Since Hong Kong’s handover from British to Chinese rule in 1997, authorities have promised to shorten the waiting time for public housing for families to three years. The longest waiting period was 6.6 years in 1997 and 1998.
The shortest wait for families was 1.8 years in 2005, 2007, and 2009 when the government stopped building subsidised flats for sale, and only focused on rental housing.
Hong Kong has been trying to find ways to tackle its public housing shortage.

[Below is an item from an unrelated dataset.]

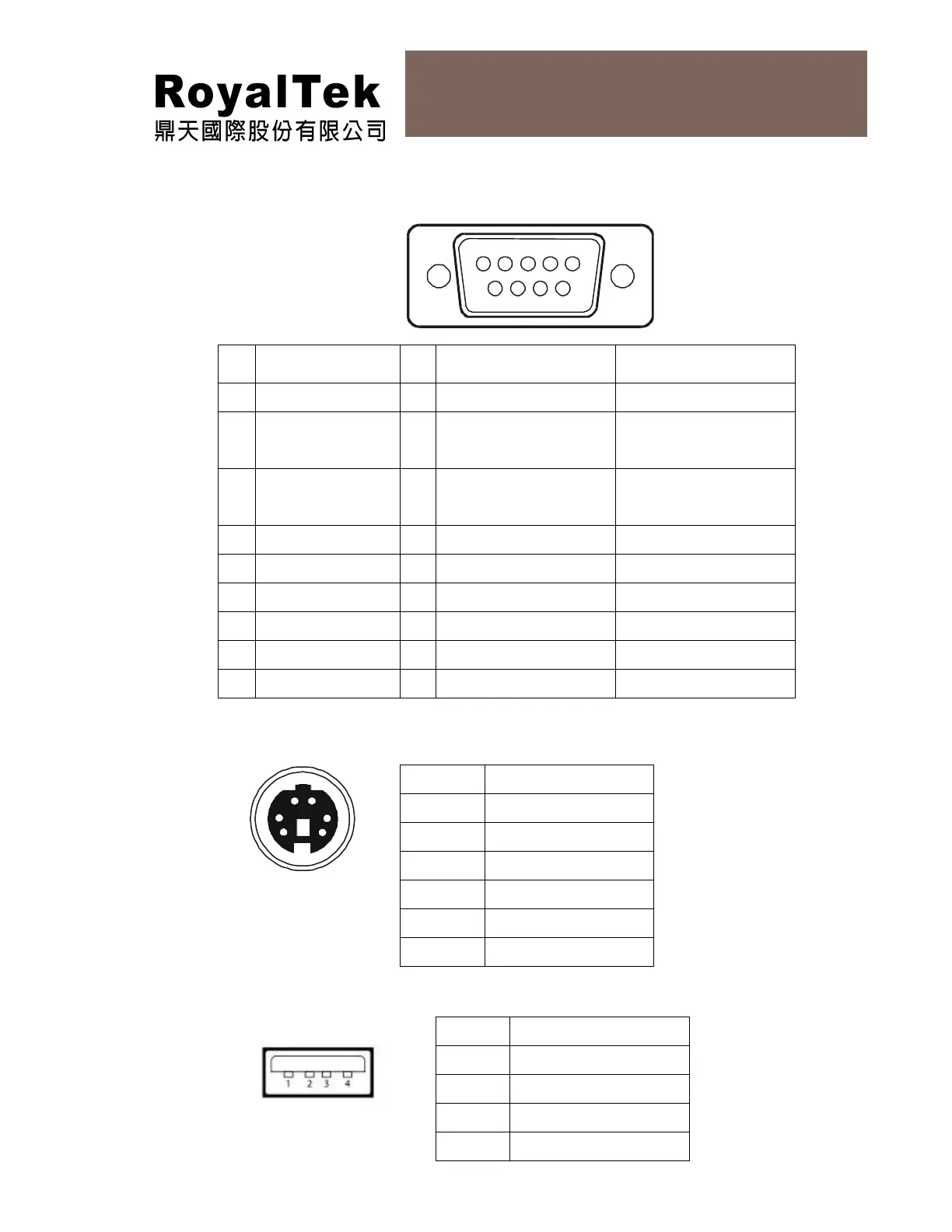 - (Y cable) 9 pin D-SUB Interface Pin Number:

In 2018, Secretary for Transport and Housing Frank Chan Fan announced plans to increase the proportion of new public housing to 70 per cent of the supply target over the next 10 years.
The move is a departure from a policy adopted in 2014, where public rental housing and subsidised flats accounted for 60 per cent of the total housing supply target, while the remaining 40 per cent were private flats.
Chief Executive Carrie Lam Cheng Yuet-ngor said in her policy address last year that authorities had already found enough land to address the housing demand estimated for the next decade, by building 316,000 public units on 330 hectares of land.
Scott Leung Man-kwong, the vice-chairman of the Federation of Public Housing Estates, said he believed the waiting time would remain long until authorities settled the backlog of applicants.
“There are people waiting for a long time and when it’s finally their turn, their waiting time was factored into [the current] average waiting time,” Leung said, adding he hoped the government could increase the housing supply with new public housing projects.
Ryan Ip Man-ki, head of land and housing research of think tank Our Hong Kong Foundation, said the new high could be attributed to delays in public housing projects caused by land shortage and procedural issues.
He called for more transparency of public housing projects.